When I go somewhere I try not just to bring readers and listeners and viewers the events I witness - I want to bring them behind the scenes and show them what life is really like. It doesn’t happen often, but I cannot do it here. That should make me appreciate the freedom I normally enjoy even more, but knowing that I’ll leave a lot of people behind on Monday who cannot enjoy it means I can’t.
The Podcast
Hasn’t happened this week, for a variety of reasons. Working with a week of mixed martial arts is essentially chasing a variety of moving targets. Things can happen now, later, or not at all, and seldom in the manner in which you expected them to. Normal service will be resumed next week when I get back home.
The Inaugration
… was something that passed me by. Four years ago I arrived in California a few days after Trump became president, and it was awful. It was like war had been declared on Black people and Hispanics and every other minority there, and that war went on for four years.

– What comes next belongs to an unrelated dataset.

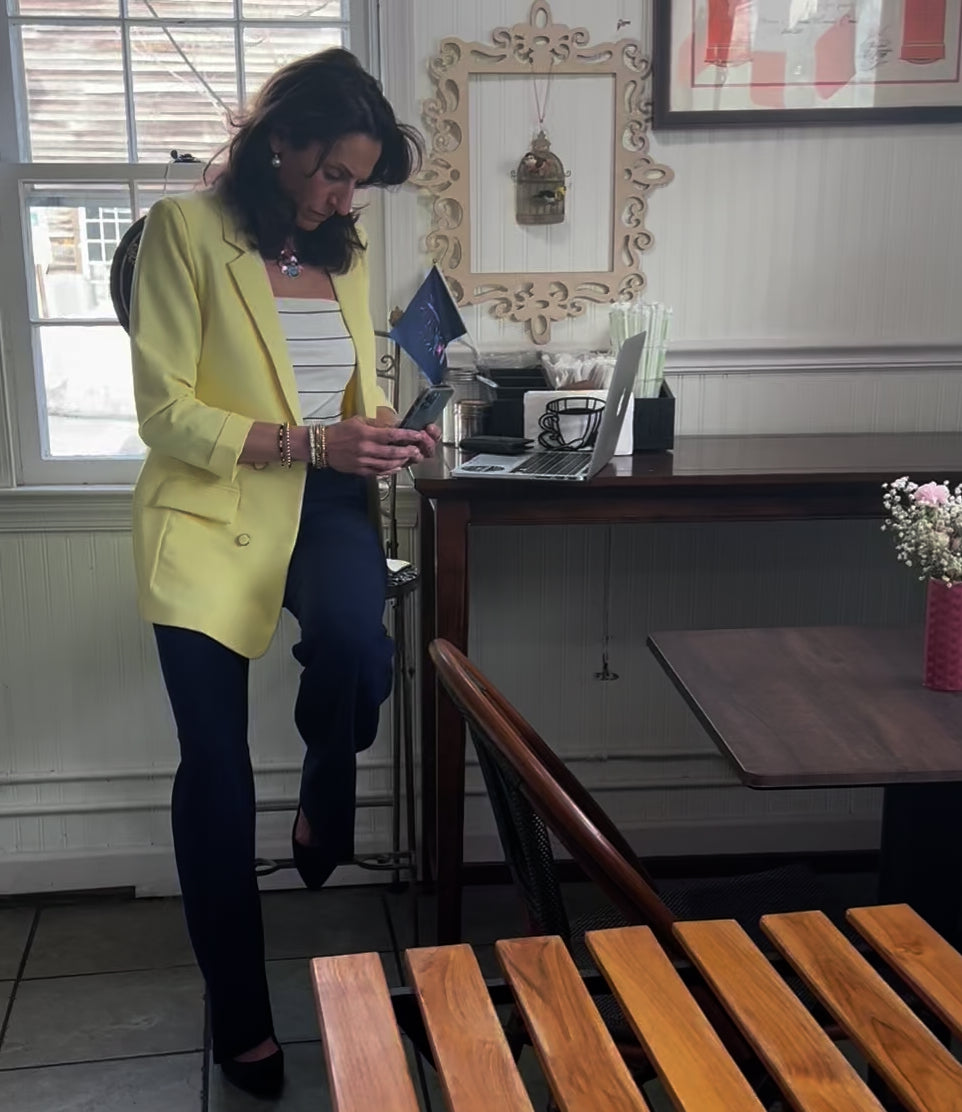 - Layer over a dress with heels for semi-formal occasions like meetings or business events.

Today as I filmed the weigh-ins in Abu Dhabi a photographer friend who did Conor’s last fight with me in Vegas a year ago, the tremendously skilled Mike Blake, messaged me to see how I was and to tell me to enjoy the fights. If you Google “Mike Blake Reuters” you will see some of the iconic pictures he has taken. I shared an apartment with him at the Olympics once and I must have bored him to death asking about how he came to take them.
He lives south of Los Angeles and was telling me that everything has changed now that Trump’s war is over. I can’t wait to get back there when the pandemic subsides to see it for myself. I saw so much of the pain that his politics caused in the last four years, I’d like to see the healing too.
The Other Dilemma
Covering Conor McGregor is not easy. On the one hand you have a once-in-a-generation athlete who is capable of doing things that no martial artist has ever done before.
On the other you have a man who can behave like the lowest of the low. Somewhere in all that is the truth of who he is.
That truth has changed over time. Some things he has done have been inexcusable, but the last year or so have shown a greater sense of self-awareness, and not before time. He has alienated a lot of Irish people and a lot of sports fans, and many of them will never be won back. He has caused even deeper hurt and pain than any of them will ever feel, but we are not and may never be privy to the details.
But there are signs that he has moved on from some of his more repugnant habits. There may be more reckonings to come, but hopefully no more misdeeds, no more hurt, no more pain, for him or anyone else.
The Future
Every time you do a trip like this, one that takes you away from your family and has you working all hours of the day and night, you end up asking yourself the same question at the end of it - was it worth it?
For me, the answer is still yes.
It’s such a privilege to get to see these places (even in this limited way) and do these things. I am in awe of these athletes and coaches, but I am not afraid of them. I want to talk to them and find out what makes them tick. I’m not blinded by them, and I know just enough about what they do to be able to tell you something about why they do it.
As long as that keeps going, I’ll keep coming to places like this.
Now can we all just get vaccinated so I can take off this mask?